Calcium phosphate granule structure and the effect of membrane potential dissipation. (A) To the right, representative images of calcium phosphate granules for each calcium condition in the presence or absence of CsA shows near identical structure. To the left, each granule consists of many individual electron-dense calcium phosphate nanoclusters with a diameter of 5.3 ± 2.1 nm. Scale bars for the granules are 25 nm. (B) Representative image of a mitochondrion after the addition of a 50 µM CaCl2 bolus contained several visible granules. The uncoupled mitochondrion with 1 µM FCCP before the addition of a 50 µM CaCl2 bolus did not contain granules. For the latter, over 100 mitochondria were surveyed, and none contained any granules. The dark spots outside and around the mitochondrion are contaminating ice and gold fiducials approximately 10 nm in diameter. Scale bars are 250 nm.

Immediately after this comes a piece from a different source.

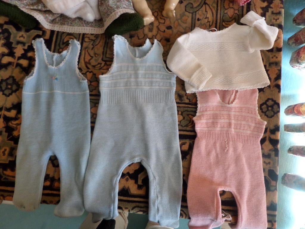 - oude poppenkleertjes voor babypoppenDe katoenen kleertjes (4 stuks) samen 20 euro. De drie slobbroeken voor 10 euro; het witte luiertruitje kost apart 10 euro. Het gebreide vestje past een popje van 35 cm, voor 5 euro. Totaal 25 euro plGebruikt Ophalen of Verzenden

Membrane potential is required to form calcium phosphate granules

Calcium uptake by the mitochondria is highly dependent on the mitochondrial energetic status to regulate ATP production. While the intracellular calcium content is maintained in the 100 nM range, mitochondria gradually accumulates and buffers calcium within the mitochondrial matrix using the membrane potential generated across the inner mitochondrial membrane. This results in calcium phosphate granules formation. To further show this dependency, we used cryo-EM to visualize mitochondria treated with and without the protonophoric uncoupler carbonylcyanide p-trifluoromethoxyphenylhydrazone (FCCP) in the presence of 50 µM CaCl2 (Fig. 7B). While the addition of a 50 µM CaCl2 generated granules, uncoupled mitochondria did not contained granules in their matrices. The fact that both images in Fig. 7B show intact outer membranes, combined with the results from Fig. 1C, further supports that the absence of granules in uncoupled mitochondria is not due to bona fide mitochondrial permeability transition but rather the effect of a collapsed membrane potential and subsequent calcium efflux.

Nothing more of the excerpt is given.